The Government's presentation of the deal did not include the fact that Ireland's contribution to EU funds would rise over the period to 2006 by up to £600 million a year, and this would aggravate the effect of the halving of receipts from £8 billion seven years ago to £3.4 billion now, he said.
The areas which had been left out of Objective 1 would have a special problem in that grants to industry would have to be at a maximum of 20 per cent, as against 40 per cent on parts of Europe, like eastern Germany, which were still categorised as Objective 1 regions.
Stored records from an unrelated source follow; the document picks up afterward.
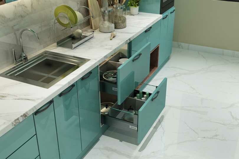 Parallel kitchen with gloosy teal and open woody cabinets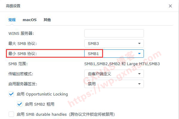 3、(如果没有物联网设备需要使用NAS做SMB共享的需求,此步骤不用设置)在“常规"标签中,把最小SMB协议改为SMB1;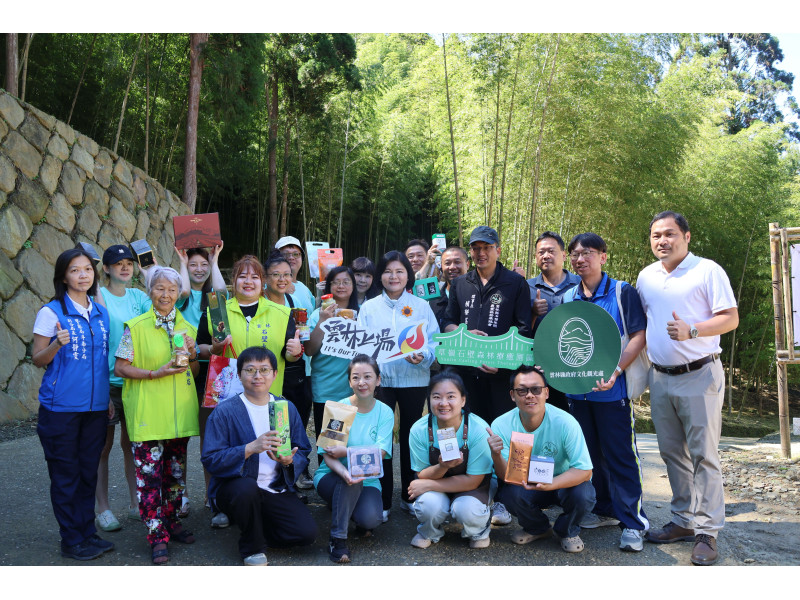 【雲林訊】雲林縣政府10月4日至5日為期兩天於古坑鄉之世界竹地標-草嶺石壁森林療癒園區舉辦「2025草嶺石壁森林療癒季」,為遊客帶來一系列精彩內容,以赫茲多巴胺頻率共振喚醒身心能量,提供豐富的竹林療癒體驗。今(5)日上午縣長張麗善、新聞處長陳其育、文化觀光處副處長陳世訓、石壁休閒農業區發展協會理事長賴郁憲及諸多山友與在地鄉親到場共享一場身心靈療癒之旅。

Mr Bruton claimed yesterday's agreement was worse for Ireland than the original Commission proposal in two respects. The first was that the level of structural funding for the 13 counties in transition had been reduced from the original proposal, and the second that the rate of reduction in agricultural price supports was greater than was originally proposed.
However, the Labour Party leader, Mr Ruairi Quinn, said that final judgment on the compromise EU aid package should be suspended until the fine print of the deal became available.
At face value, he said, the £3.4 billion package was quite significant and was generally what Ireland had expected before the Agenda 2000 negotiations. But given the watering-down of the package secured at the Edinburgh summit in 1992 by Mr Albert Reynolds, the then Taoiseach, it would be negligent to accept the deal as over and done with, he added.
Mr Quinn said that at this point the most crucial aspect of this deal was how the money would be spent.